Bernays was able to recognize that these 'unconscious desires,' could be tapped into successful techniques of persuasion. He proposed advertising should operate at the level of feelings and emotions. He argued that products (clothes) should make people feel better about themselves, by engaging with hidden emotions. In order to make an object desirable, its more effective to manipulate the nature of consumer desire, than to manipulate the object.

These are some of the different advertising techniques used by magazines to make us as the consumers, feel swayed to buy their products, which increases their profit. Overall capital goods are used to produce these consumer goods, which supports capitalism.




Marxism's Frankfurt School theorist Herbert Marcuse says "the desire to consume is an expression of 'false needs,' created by advertising industry". This is in contradiction to our real needs which should be happiness, and freedom of choice. This is what Marcuse meant by his 'One Dimensional Man'  study. This is that capitalism conditions us to a confined world, with limited opportunity, and no individuality.

There is also a association of desirable identities with objects in advertising. Advertisements invite target audiences to place themselves within a story, in which objects provide access to 'the person you always wanted to be'. This is when a women wants to look like the models on the front pages of Vogue, in their clothes. This shows that fictions play a role in the sales of designer clothes.



However you never seem to see any larger women on the cover, or in the pages of magazines, specifically Vogue...

However recently, plus size singer and song writer Adele. Actually appeared on the Vogue cover in March 2012and is the first ever plus size women to be on the march issue. And overall is the second plus size woman after Jennifer Hudson, to be on a Vogue cover.
However when published Vogue was slashed by the public, for the fashion labels obvious radical weight loss, and airbrushing, to the singer Adele. Who is in fact a size 16, but is made to look much smaller. Her cheek bones are shaded to make her face look slimmer, and her arms and waist has been shrunk. Also they have positioned her body in a way which would not indicate her actual body size. For example they cut the image slightly below the boobs, which makes her look like she has a smaller stomach. However this is completely artificial as we know Adele is a size 16, but why is Adele made to look this way? Because her body does not conform with today's ideology of the perfect, slim, figure.
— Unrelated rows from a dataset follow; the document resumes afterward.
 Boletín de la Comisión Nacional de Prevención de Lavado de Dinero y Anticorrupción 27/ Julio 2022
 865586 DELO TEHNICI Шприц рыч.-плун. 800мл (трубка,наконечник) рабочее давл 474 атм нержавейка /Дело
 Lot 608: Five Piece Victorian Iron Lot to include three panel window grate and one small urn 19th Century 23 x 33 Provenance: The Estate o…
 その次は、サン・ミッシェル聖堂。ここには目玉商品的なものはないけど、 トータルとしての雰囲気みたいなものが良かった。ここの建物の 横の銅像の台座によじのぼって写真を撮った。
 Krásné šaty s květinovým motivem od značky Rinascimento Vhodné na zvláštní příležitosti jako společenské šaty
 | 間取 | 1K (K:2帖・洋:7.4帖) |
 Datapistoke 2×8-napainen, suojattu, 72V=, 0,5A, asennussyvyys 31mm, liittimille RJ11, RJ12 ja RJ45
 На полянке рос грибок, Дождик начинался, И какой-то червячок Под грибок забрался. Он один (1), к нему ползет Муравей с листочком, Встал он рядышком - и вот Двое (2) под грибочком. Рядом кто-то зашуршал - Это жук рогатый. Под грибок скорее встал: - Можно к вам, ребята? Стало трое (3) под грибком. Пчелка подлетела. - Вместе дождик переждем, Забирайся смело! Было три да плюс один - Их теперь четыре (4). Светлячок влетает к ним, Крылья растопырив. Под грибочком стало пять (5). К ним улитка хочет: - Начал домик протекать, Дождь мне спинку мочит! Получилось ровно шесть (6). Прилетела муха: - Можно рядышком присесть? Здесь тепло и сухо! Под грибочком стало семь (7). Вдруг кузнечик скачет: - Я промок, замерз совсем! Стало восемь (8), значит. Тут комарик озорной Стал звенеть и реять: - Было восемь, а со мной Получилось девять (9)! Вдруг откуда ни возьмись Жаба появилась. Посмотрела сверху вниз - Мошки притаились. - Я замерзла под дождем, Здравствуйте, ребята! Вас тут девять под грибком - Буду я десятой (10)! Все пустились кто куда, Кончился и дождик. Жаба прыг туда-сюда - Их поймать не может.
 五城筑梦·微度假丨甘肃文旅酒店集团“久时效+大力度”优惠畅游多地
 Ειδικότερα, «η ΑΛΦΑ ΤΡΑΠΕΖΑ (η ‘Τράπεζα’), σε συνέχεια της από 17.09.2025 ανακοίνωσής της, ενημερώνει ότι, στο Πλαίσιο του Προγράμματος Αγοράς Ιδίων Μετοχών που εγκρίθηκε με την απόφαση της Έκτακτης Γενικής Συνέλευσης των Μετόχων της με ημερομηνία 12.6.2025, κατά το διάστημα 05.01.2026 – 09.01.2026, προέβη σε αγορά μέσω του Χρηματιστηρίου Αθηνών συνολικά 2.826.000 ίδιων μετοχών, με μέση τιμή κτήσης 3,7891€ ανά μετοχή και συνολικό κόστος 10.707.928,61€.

This shows that magazines and the media in general, can be very artificial. They project the idea of the 'perfect body' to sell clothes. By making us as consumers feel insecure about ourselves, magazines are able to sell their products to us, and get our money.

As a consumer I am upset that magazines have to use techniques and tricks, to make us buy their designer clothes. Are we no longer allowed freedom of choice? And do magazines now only care about making money?